Interest paid to depositors totaled $1.0 million for the three months ended
March 31, 2000, down $30,000 from the $1.0 million for the three months ended
March 31, 1999. Average deposit balances declined $4.5 million from $89.5
million for the quarter ended March 31, 1999 to $85.0 million for the quarter
ended March 31, 2000.
Interest on FHLB advances was $835,000 for the three months ended March 31,
2000, compared to $306,000 for the same period in 1999. The increase was a
direct result of the continued increase in total FHLB advances in the Company's
program to match fund 15 year loans and securities with advances.
Provision For Loan Losses. The Company made provision for loan losses of $402
during the quarter ended March 31, 2000 and none for the quarter ended March 31,
1999. [See - "Asset Quality"]
Noninterest Income. Noninterest income totaled $58,000 for the three months
ended March 31, 2000, compared to $75,000 for the same period in 1999, a $17,000
decrease.
The decrease in noninterest income was the result of a decline in gains on sales
of interest earning assets of $18,000 as fewer loans were sold into the
secondary market.
Noninterest Expenses. Noninterest expenses totaled $789.000 for the three months
ended March 31, 2000, compared to $772,000 for the three months ended March 31,
1999.
The increase in noninterest expense was the result of a $63,000 increase in
occupancy and equipment expense from $69,000 for the three months ended March
31, 1999 to $132,000 for the three months ended March 31, 2000. The increase in
occupancy and equipment expense was the result of the new full-service office
opened for business in April 1999. At March 31, 2000 the new location had
approximately $6.4 million in loans outstanding and $3.7 million in deposits.
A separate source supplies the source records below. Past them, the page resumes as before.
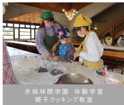
赤城林間学園 体験学習 親子クッキング教室
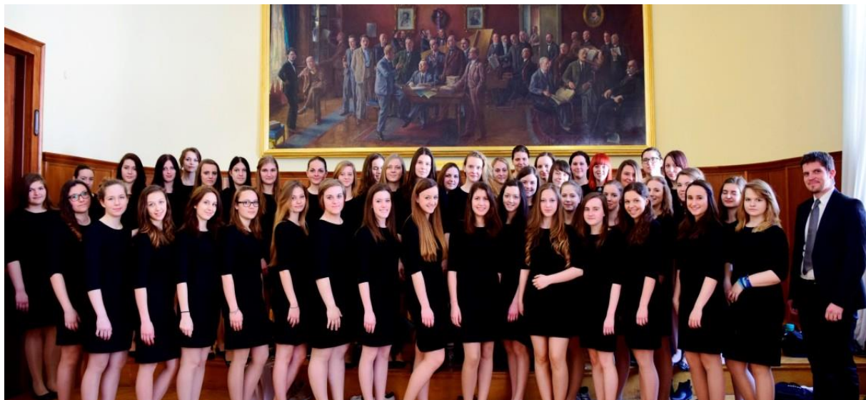
Slika 5: Dekliški pevski zbor Gimnazije Celje - Center v Slovenski filharmoniji

Slovenski filharmoniji in v Celju v Narodnem domu. Skupaj so izvedli delo romantičnega skladatelja Josepha Gabriela Rheinbergerja in sicer Missa in A. Sicer pa so se odpravila na enodnevno ekskurzijo glasbenikov z GCC na Primorsko, kjer so vsi nastopili v Kopru in obiskali tamkajšnjo osnovno šolo, Fieso in Piran. (Vir: Letno poročilo Gimnazije Celje - Center 2014/2015)
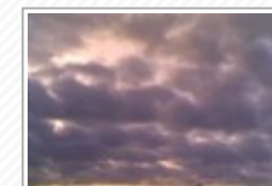
Meteo in Sicilia, da mercoledì stop al caldo anomalo
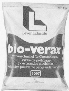
bio-verax Für schonende Entfernung hartnäckigster Flecken.
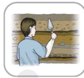
【 】 細部整理、修界牆

1. 下面是考古工作的內容，你知道考古學家從事這些工作的順序嗎？將代表順序的數字填入括號中。 (田野工作)
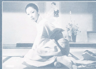
「こつまなんさん」(1960年)
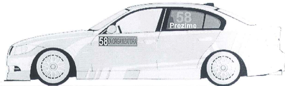
Zadnjim levim i desnim bočnim staklima, broj je visine 20cm sa debljinom linije od 2.5cm, font je Arial BOLD

Boja ovih brojeva je flourescentno narandžasta i to PMS 804
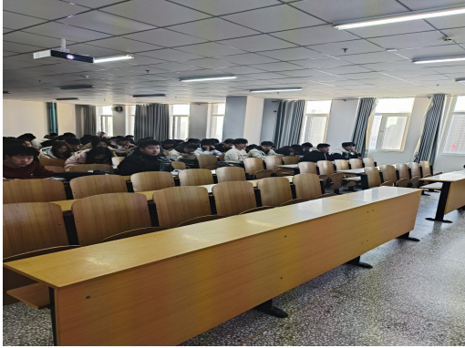
前排空座现象依然存在

从开学第二天起，教学秩序与教学环境出现逐步下滑趋势，一日不如一日，具体表现如下：
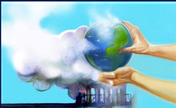
Programa Ambiental • Desarrollo Procedimientos • Disposición Residuos
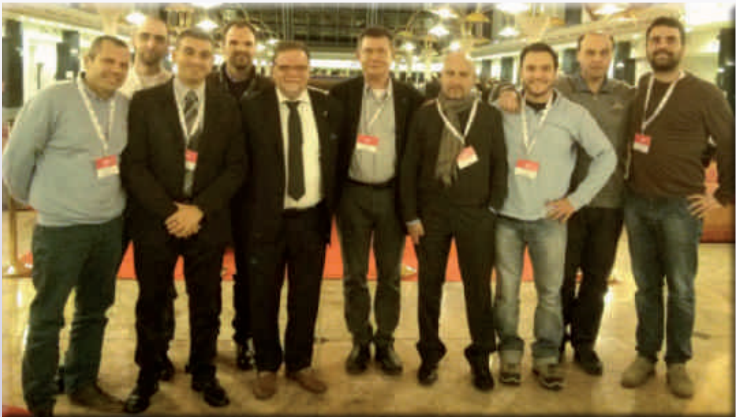
Congresso Straordinario - I delegati con il Presidente CNPI

Parlare di progettazione può sembrare di voler limitare il discorso alle sole professioni di area tecnica, a quelle che, nel pensiero comune, vengono interpellate per redigere un "progetto".
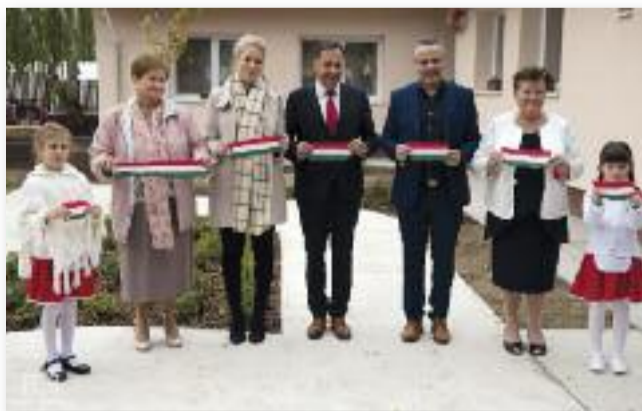
A jubileumi ünnepség meghívott vendégei
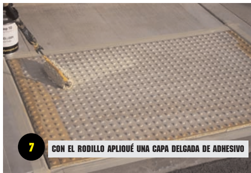
7 CON EL RODILLO APLIQUE UNA CAPA DELGADA DE ADHESIVO
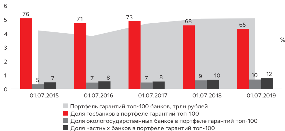
График 6. В последние два года доля частных банков на рынке гарантий увеличивается
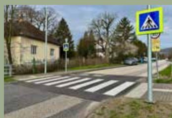
ÚJABB GYALOG- ÁTKELŐHELY
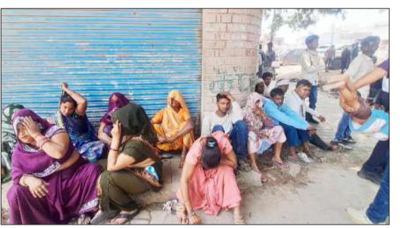
शाहबाद में विवाहिता की मौत के बाद थाने के बाहर बैठे गमजदा परिजन।
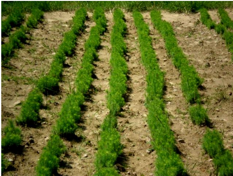
Рис. 3.4. Дворічні сіянці ялини європейської у тимчасовому розсаднику Верховинського л-ва

Постійних лісових розсадників лісгосп не має. В останні п'ять років підприємство активізувало роботу в цьому напрямку, зобов'язавши кожне лісництво вирощувати необхідний обсяг і асортимент садивного матеріалу. Особливу увагу приділяють вирощуванню ялини, ялиці, бука, клена-явора (рис. 3.4).
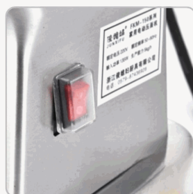
Botón de Encendido
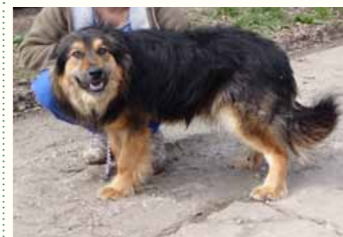
88) OLIS, männlich, 6 Jahre alt, 55 cm groß, Crotal 26161, Auslauf 3/1

Wir nahmen Otilie auf und verabschiedeten den Mann zügig. Ihr vorderes rechtes Bein musste amputiert werden. Seit der Amputation ist Otilie deutlich weniger beeinträchtigt und kommt gut damit zurecht. Otilie zeigt sich verträglich und freundlich.
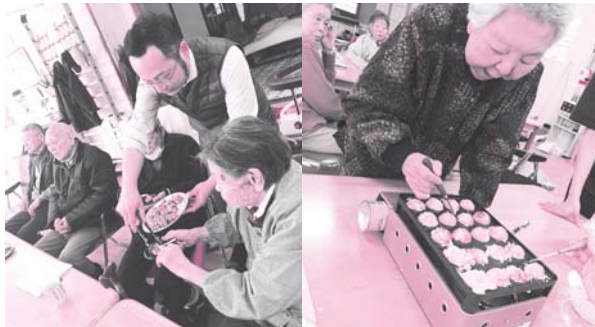
できたてのたこ焼きを食べました
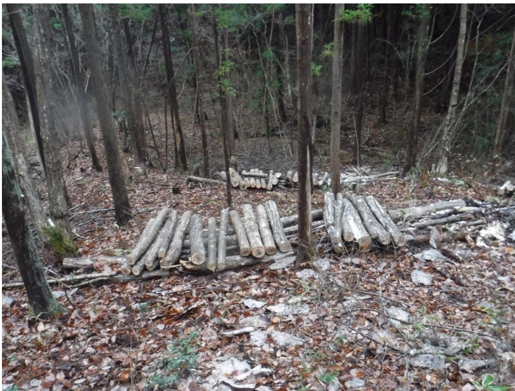
除伐木を活用して切り出した原木だが、芯が黒いね、すでに雑菌か？

原木によるキノコの栽培実験を数年重ねていますが、どうもうまくいきません。自信を持って送り出した最新の方は、雑菌が勝って、失敗作の様です。最初に指導を受けたときに楢木に土を付けないよう厳しく言われましたが、改めて肝に銘じました。今回は植菌の時期を早めるため前倒して楢木となる原木を切り出しました。種菌購入の出資者代表3名が取り組みました。
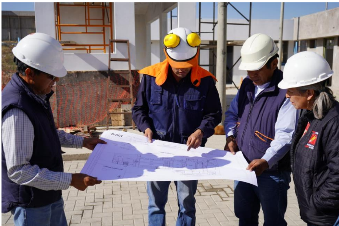
Figura 5. Inspección de la PTAR de Socabaya
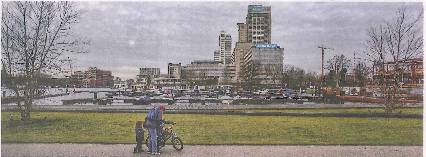
Het hoofdkantoor van Delta Lloyd aan de Amstel in Amsterdam dat als gevolg van de fusie met NN wordt gesloten.
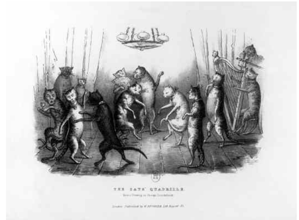
George Cruikshank, Le quadrille des chats
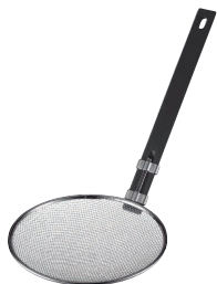
② TSステンレス 樹脂ハンドルそば揚 タテ型 (18-8アミ・6.5メッシュ) [ASBA-10] 目
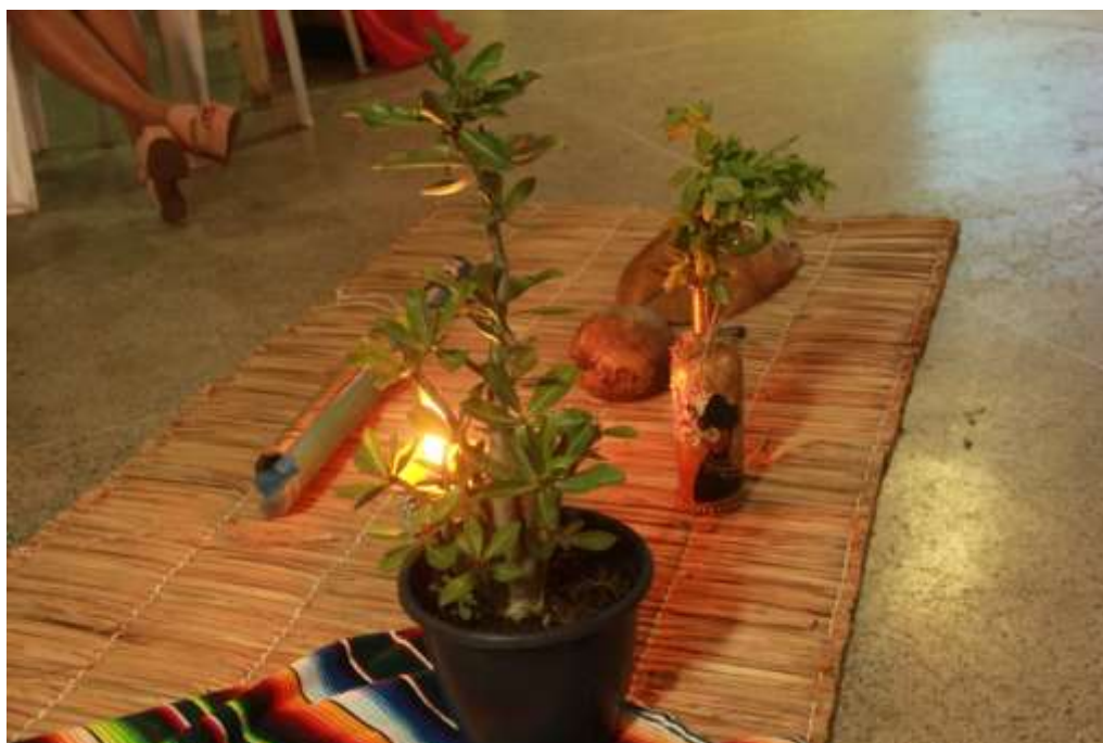
Figura 1 – Momento da mística, 2020.

Em Insubmissas Lágrimas de Mulheres (2016), a escrevivência é uma forma que as mulheres negras encontraram para registrar as suas memórias individuais e coletivas, a partir das experiências dos corpos femininos negros marginalizados, que não se permitem ser capturados e aprisionados, que recorrem também à escrita como possibilidade de se curarem das injustiças e opressões cotidianas, a fim de experimentarem habitar outros mundos (EVARISTO, 2016), evidenciando o que existe de mais humano em nós.
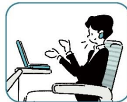
WEB 会議・動画視聴 (イヤホン着用)
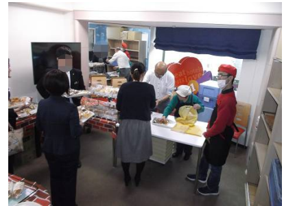
がつ か きん さま ほんしやさま はんばい いただ 2月2日(金)、近畿日本ツーリスト様、本社様にて販売をさせて頂きました。
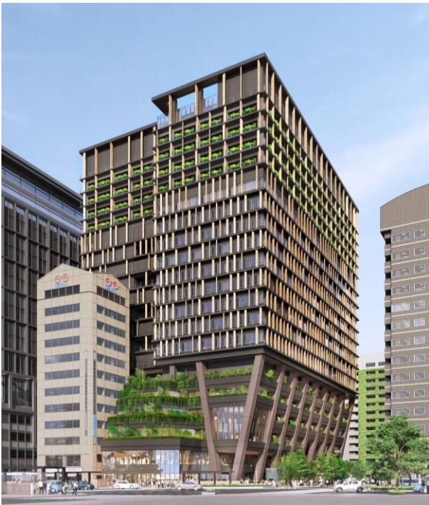
▲建物西側 渡辺通りからの眺め （低層部から高層部までの立体的で豊富な緑化）

本計画では、環境に配慮した未来を想うサステナブルな取り組みと、まちの創造性・多様性と調和した空間づくりを重視しており、緑と花をきっかけに、市民や来街者が自然と集い、心地よく滞在できるひらかれた都市空間の創出を通じて、福岡市が推進する「天神ビッグバン※ 2 」、そして福岡・天神のまちづくりに貢献してまいります。
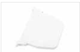
Wickler für Gurt
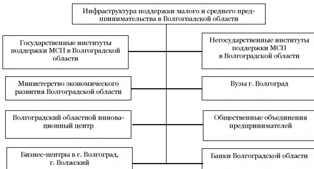
Рис. 3. Инфраструктура поддержки субъектов предпринимательства Волгоградской области

Инфраструктура помощи предпринимательству в Волгоградской области развивается согласно программам, реализуемым Министерством финансового развития Волгоградской области и Волгоградской торгово-промышленной палаты, социальных объединений предпринимателей, фондов, специальных центров и разных консалтинговых структур, представленных на рис. 3.
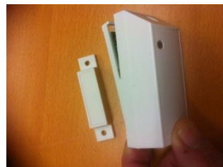
4: Sätta tillbaka locket. Börja med att föra tillbaka locket 45 grader vid stora fjädern och fäll försiktigt in mot plattan. Var noga med att fjädern inte kommer snett. Se efter så att lysdioden blinkar rött en gång när locket stängs. Håll det fjädrande locket inne och skruva fast med den lilla skruven. Lilla pilen på sidan mot magneten.
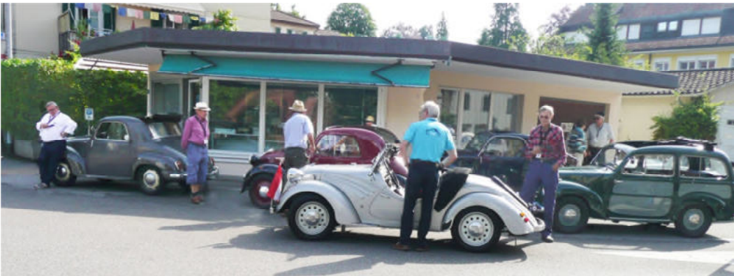
Warten auf den Start zur Fahrt um den Hallwiler- und Baldeggersee nach Meisterschwanden
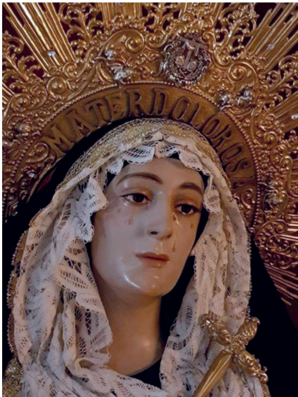
Ntra. Sra. De la Victoria en su Soledad
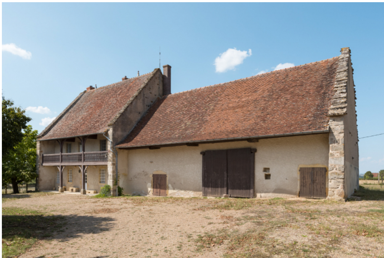
Vue des façades antérieures depuis la cour au sud-est.

71, Amanzé, lieudit : La Grange Plassard
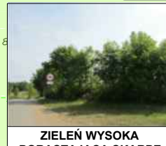
ZIELEN WYSOKA PORASTAJĄCA SKARPE
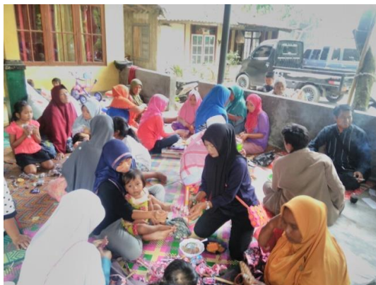
3月1回目の講習会の様子
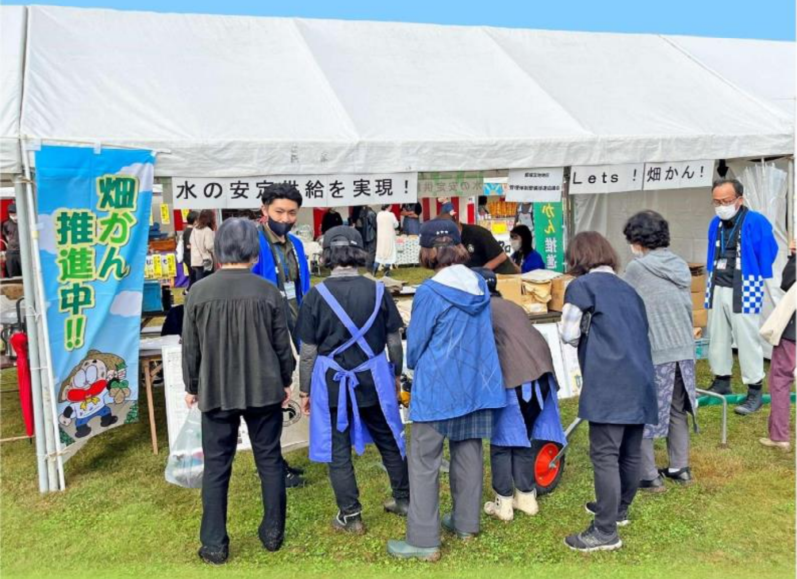
令和4年三股町ふるさとまつりにて畑かん推進の様子
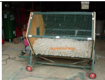
* imagen referencial
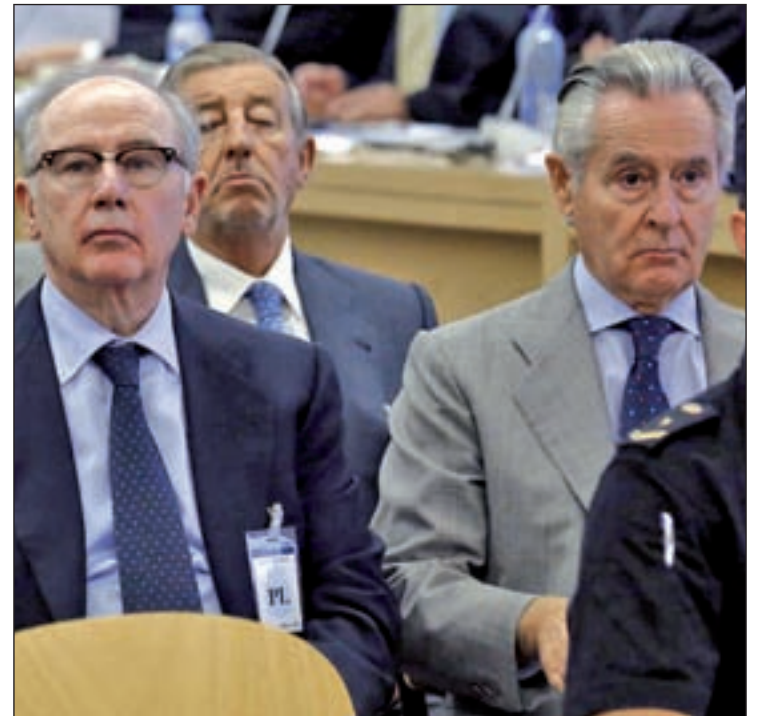
Miguel Blesa y Rodrigo Rato, sentados durante el juicio

Pese a que el magistrado instructor concluyó que existen indicios de que los altos cargos investigados destinaron a gastos personales más de quince millones de euros entre 1999 y 2012, sólo se juzgará la etapa posterior al año 2003, ya que la responsabilidad anterior por los gastos producidos ha prescrito y no puede ser juzgada. No obstante, desde el 2003 y hasta el 2012, el gasto con las 'tarjetas black' ascendió a doce millones de euros.
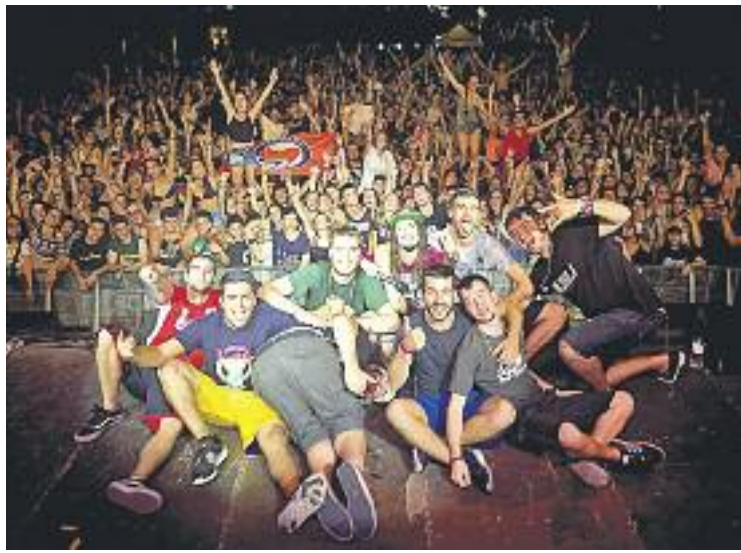
El grup Auxili actuarà dissabte a la zona poliesportiva.

D'altra banda, a les vuit del vespre començarà el correfoc, en
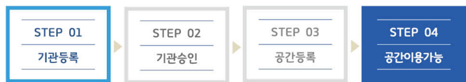
<그림 1> 공유공간 등록절차

공간제공자가 학습공간을 등록하려면 어떠한 절차를 거쳐야 하는지를 설명하고 이와 관련한 매뉴얼을 제공함으로써 공간제공자가 쉽게 공간을 등록하고 예약현황을 확인할 수 있도록 제공하였다.
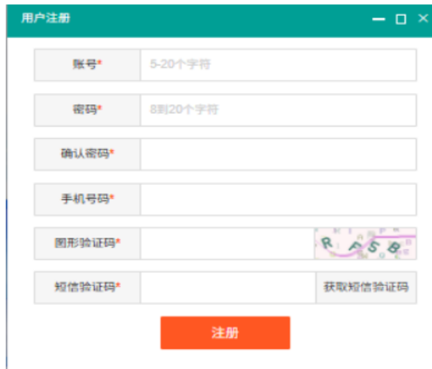
图 3 注册信息
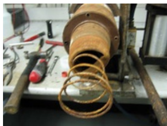
Óxido en el diafragma Bastante oxidado
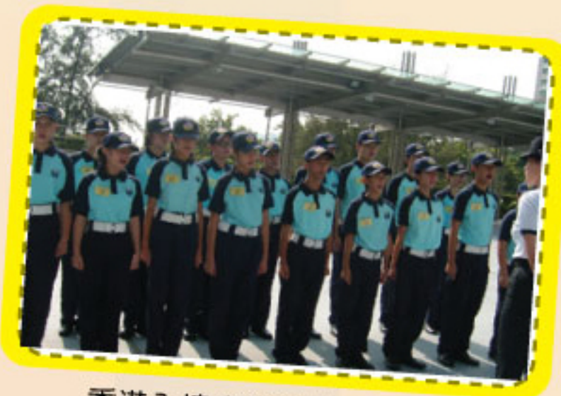
香港入境事務學院導師講話

領袖培訓方面，訓導組在12月份安排多位風紀學生參與學生發展組舉辦的領袖訓練營，透過與校外機構合辦的多項活動，加強學生的自信心、領導能力、技巧和團隊精神。充滿歡樂的領袖訓練營，無論對學生日後的學習、以至將來的工作均有所裨益。訓導組將於下學期安排野戰訓練和風紀領袖工作坊等，讓風紀學生有更多的機會體驗不同的經歷學習。
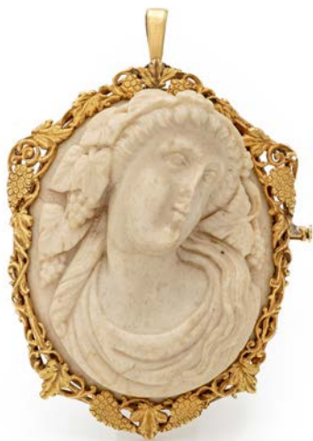
165 SPILLA IN ORO CON CAMMEO IN PIETRA LAVICA RAFFIGURANTE BACCO
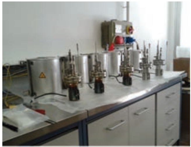
Vista del laboratorio di chimica del piombo presso il CR ENEA Brasimone
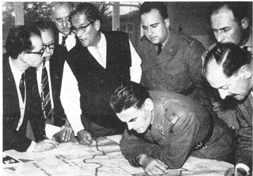
Das Zusammenwirken der zivilen und militärischen Mittel erfordert gemeinsame Gedankenarbeit und Diskussionen.
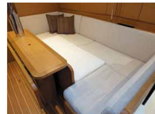
Folding table with bar cabinet and easy conversion into berth* Table repliable avec bar et transformation facile en couchette* Klappbarer Tisch mit Bar, einfache Umwandlung in einen Schlafplatz* Mesa plegable con bar y fácil transformación en cama* Tavolo pieghevole con bar e facilmente trasformabile in cuccetta* *Option
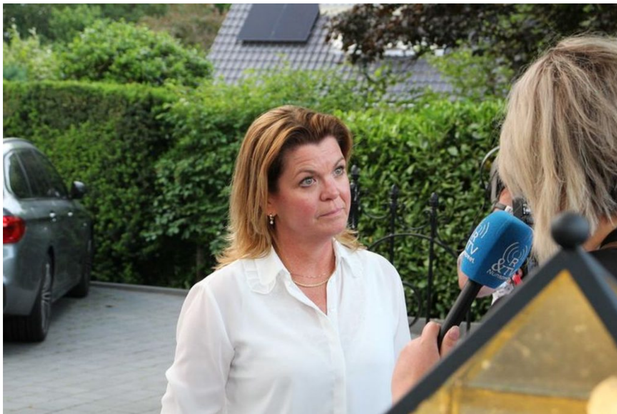
Christianne van der Wal, holandská ministryně pro dusík

Největší zemědělská lobbistická skupina LTO Nederland uvedla, že ji nejvíce znepokojují další omezení, kterým budou zbývající a nezlikvidovaní zemědělci čelit. Kromě toho plány na povolení většího kolísání hladiny podzemní vody budou mít dopad jak na zemědělce hospodařící na orné půdě, tak na chovatele hospodářských zvířat, uvedla LTO Nederland.
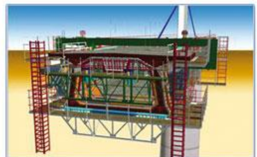
Étudier les méthodes de construction (Eiffage)

Provision For Income Taxes. The Company incurred federal income tax expense of
$35,000 or 40.0% of pre-tax income for the three months ended March 31, 2000,
compared to $40,000 or 40.8% of pre-tax income for the three months ended March
31, 1999.
COMPARISON OF THE SIX MONTHS ENDED MARCH 31, 2000
AND MARCH 31, 1999
General. For the six months ended March 31, 2000, the Company reported net
income of $147,000 or $.13 per common share and $.12 per common share - assuming
dilution, compared to $207,000 or $.15 per common share and $.15 per common
share - assuming dilution for the six months ended March 31, 1999. The decrease
in net income was attributable to an $86,000 decrease in noninterest income and
a $71,000 increase in noninterest operating expenses, which were partially
offset by a $61,000 increase in net interest income after provisions for loan
losses and a $35,000 decrease in income tax expense.
<PAGE>
Net Interest Income. For the six months ended March 31, 2000, net interest
income after provisions for loan losses totaled $1.7 million, an increase of
$61,000 from the $1.6 million reported for the six months ended March 31, 1999.
On an annualized basis, the $1.7 million in net interest income after provisions
for loan losses for the current period was approximately 2.24% of average
interest earning assets and 2.15% of average total assets. For the six months
ended March 31, 1999, the $1.6 million in net interest income after provisions
for loan losses was approximately 2.59% of average interest earning assets and
2.50% of average total assets. Average interest earning assets were
approximately $150.0 million for the six months ended March 31, 2000, compared
to $123.8 million for the six months ended March 31, 1999.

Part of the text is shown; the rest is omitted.